Task to complete: Copy exactly the lines from the one containing "Plataforma tipo valenciana, con" through the last line of the records below, both included, and leave out the pictures.

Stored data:
..............................
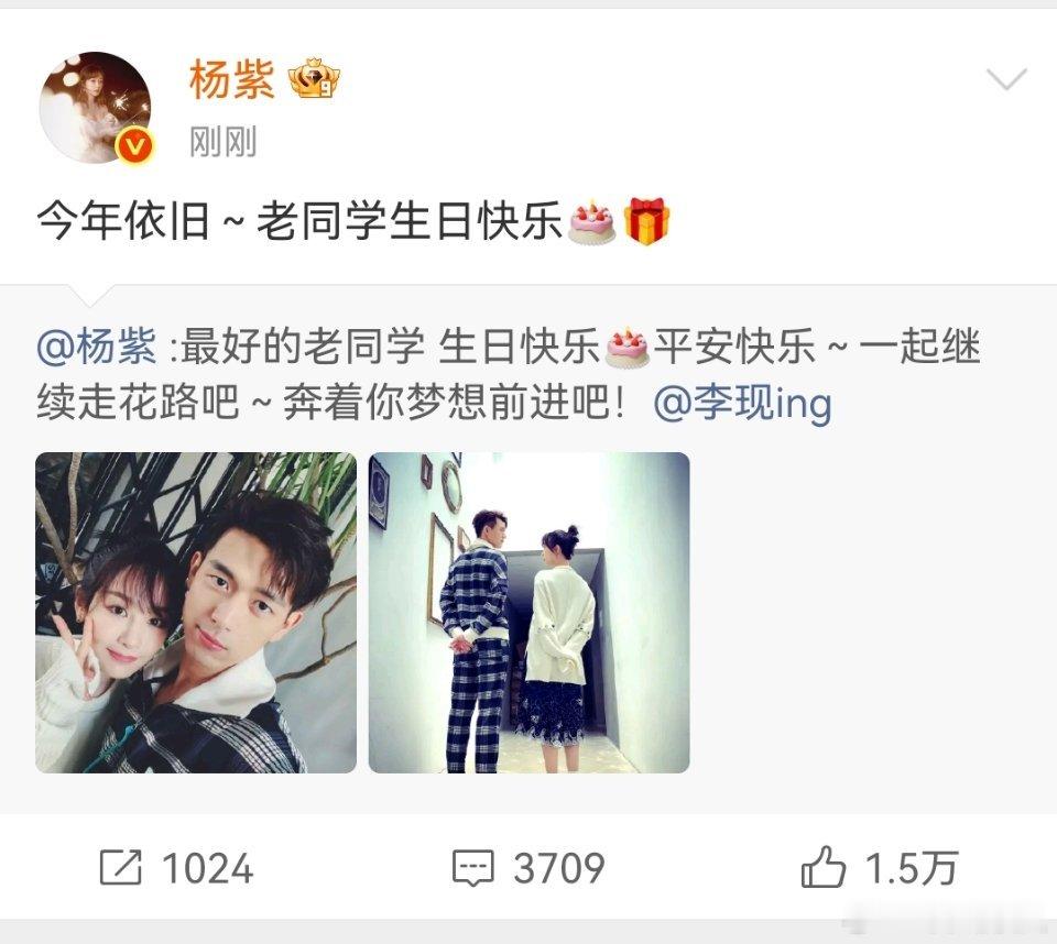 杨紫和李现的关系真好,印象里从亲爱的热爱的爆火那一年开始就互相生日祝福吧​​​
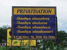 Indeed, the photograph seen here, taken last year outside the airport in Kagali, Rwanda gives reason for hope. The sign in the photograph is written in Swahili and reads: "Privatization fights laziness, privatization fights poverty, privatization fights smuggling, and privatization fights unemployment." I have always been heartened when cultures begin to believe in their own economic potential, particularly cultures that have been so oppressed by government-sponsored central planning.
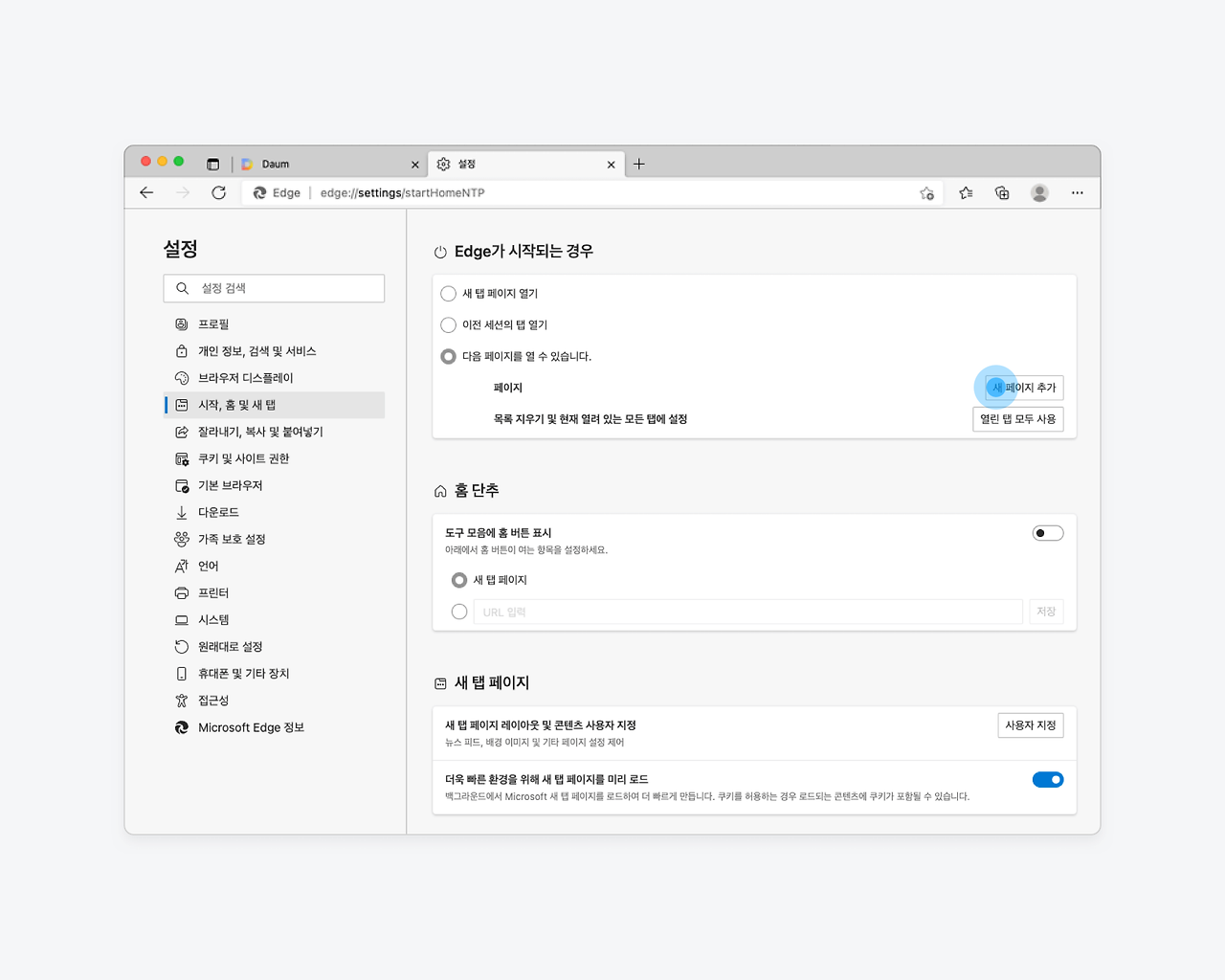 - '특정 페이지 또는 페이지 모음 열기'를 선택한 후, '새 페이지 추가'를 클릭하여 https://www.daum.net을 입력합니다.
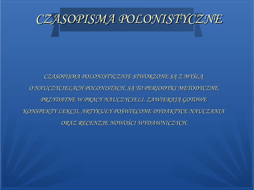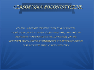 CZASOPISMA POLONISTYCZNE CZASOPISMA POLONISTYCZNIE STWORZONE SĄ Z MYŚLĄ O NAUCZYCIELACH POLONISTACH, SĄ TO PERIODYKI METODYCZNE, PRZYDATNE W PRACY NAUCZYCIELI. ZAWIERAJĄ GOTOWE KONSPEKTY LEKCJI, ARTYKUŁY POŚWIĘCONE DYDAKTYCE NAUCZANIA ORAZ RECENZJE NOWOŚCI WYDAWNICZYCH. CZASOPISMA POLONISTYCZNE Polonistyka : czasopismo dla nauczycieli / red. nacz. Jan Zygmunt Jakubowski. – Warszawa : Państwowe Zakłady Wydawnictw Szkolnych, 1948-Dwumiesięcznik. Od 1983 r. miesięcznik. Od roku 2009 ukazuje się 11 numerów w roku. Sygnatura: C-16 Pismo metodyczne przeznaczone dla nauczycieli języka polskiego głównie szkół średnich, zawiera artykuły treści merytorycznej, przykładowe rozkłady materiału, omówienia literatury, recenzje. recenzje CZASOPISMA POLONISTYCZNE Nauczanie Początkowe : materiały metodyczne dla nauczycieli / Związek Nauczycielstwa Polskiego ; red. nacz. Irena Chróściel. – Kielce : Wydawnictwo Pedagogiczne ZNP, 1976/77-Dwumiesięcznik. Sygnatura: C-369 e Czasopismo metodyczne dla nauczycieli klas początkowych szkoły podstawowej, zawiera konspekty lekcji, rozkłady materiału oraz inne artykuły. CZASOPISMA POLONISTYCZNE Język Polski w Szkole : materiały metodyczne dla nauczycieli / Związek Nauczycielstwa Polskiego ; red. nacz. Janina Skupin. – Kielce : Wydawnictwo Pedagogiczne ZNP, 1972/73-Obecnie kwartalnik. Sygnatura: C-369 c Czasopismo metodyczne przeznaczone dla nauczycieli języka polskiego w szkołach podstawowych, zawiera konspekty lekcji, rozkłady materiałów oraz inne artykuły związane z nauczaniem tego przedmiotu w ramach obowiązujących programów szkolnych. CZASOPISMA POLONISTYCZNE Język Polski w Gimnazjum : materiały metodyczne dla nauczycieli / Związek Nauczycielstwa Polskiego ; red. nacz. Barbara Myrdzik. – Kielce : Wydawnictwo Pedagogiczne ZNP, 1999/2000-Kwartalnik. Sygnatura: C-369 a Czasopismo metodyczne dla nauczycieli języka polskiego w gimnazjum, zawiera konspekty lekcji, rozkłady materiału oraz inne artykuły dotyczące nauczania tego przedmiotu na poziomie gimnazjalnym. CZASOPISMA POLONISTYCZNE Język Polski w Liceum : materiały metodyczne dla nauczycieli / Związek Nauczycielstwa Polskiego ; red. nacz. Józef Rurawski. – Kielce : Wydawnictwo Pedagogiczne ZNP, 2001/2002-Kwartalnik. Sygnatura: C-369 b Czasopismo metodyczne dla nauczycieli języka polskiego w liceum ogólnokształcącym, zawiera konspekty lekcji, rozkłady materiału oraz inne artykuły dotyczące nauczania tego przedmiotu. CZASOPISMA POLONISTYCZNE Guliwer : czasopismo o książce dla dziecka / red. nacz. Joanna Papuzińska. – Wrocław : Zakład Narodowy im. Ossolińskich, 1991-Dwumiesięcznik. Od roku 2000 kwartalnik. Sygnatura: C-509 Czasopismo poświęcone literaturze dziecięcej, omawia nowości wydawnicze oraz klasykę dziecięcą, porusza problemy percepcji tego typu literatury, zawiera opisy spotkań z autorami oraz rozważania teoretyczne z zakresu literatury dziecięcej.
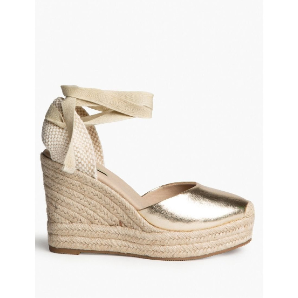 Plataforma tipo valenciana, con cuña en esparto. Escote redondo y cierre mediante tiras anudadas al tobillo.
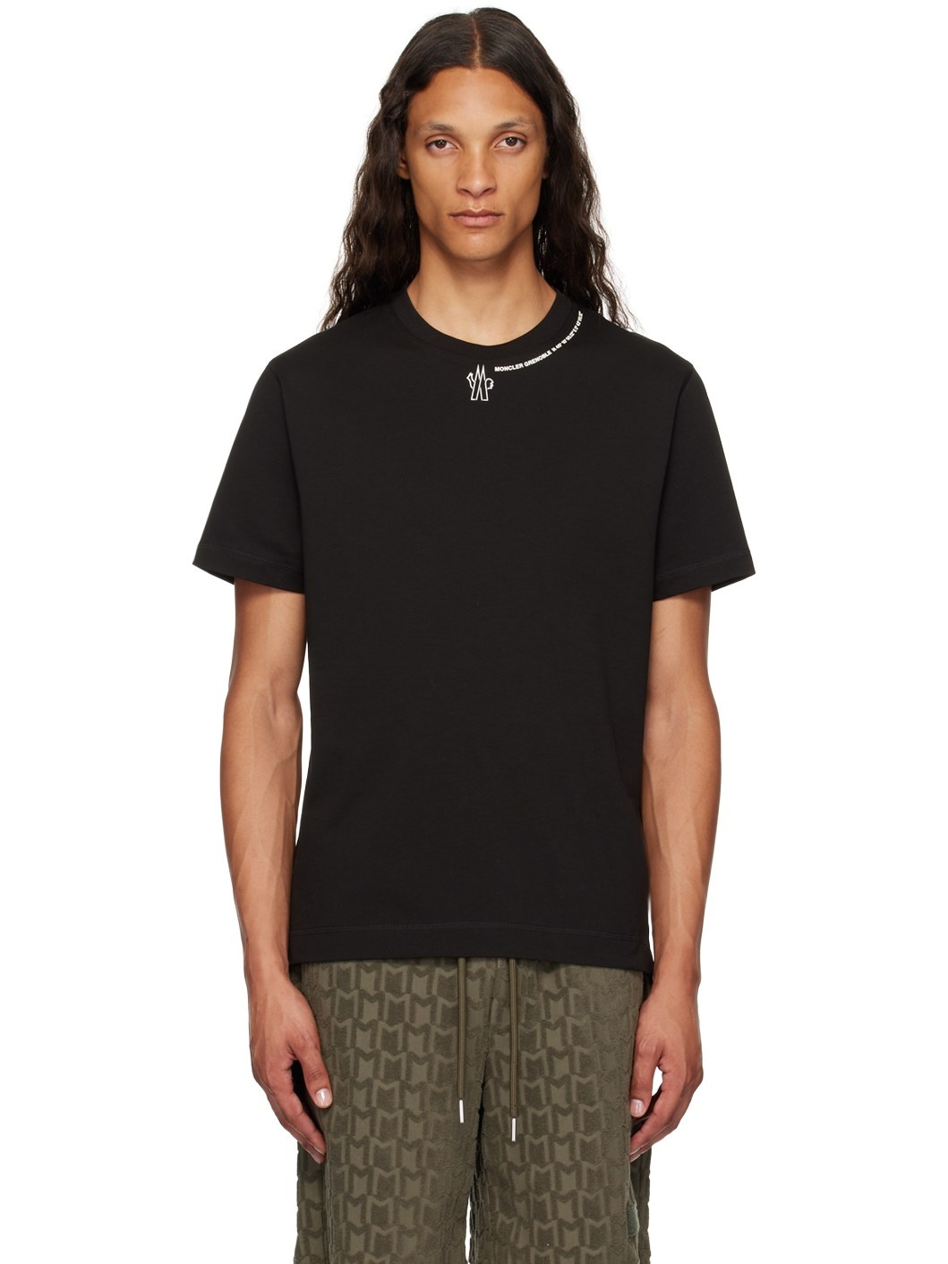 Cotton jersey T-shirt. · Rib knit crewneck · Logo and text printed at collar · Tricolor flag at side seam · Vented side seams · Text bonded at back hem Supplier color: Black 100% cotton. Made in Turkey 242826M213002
..............................
Answer to this task:
 Plataforma tipo valenciana, con cuña en esparto. Escote redondo y cierre mediante tiras anudadas al tobillo.
 Cotton jersey T-shirt. · Rib knit crewneck · Logo and text printed at collar · Tricolor flag at side seam · Vented side seams · Text bonded at back hem Supplier color: Black 100% cotton. Made in Turkey 242826M213002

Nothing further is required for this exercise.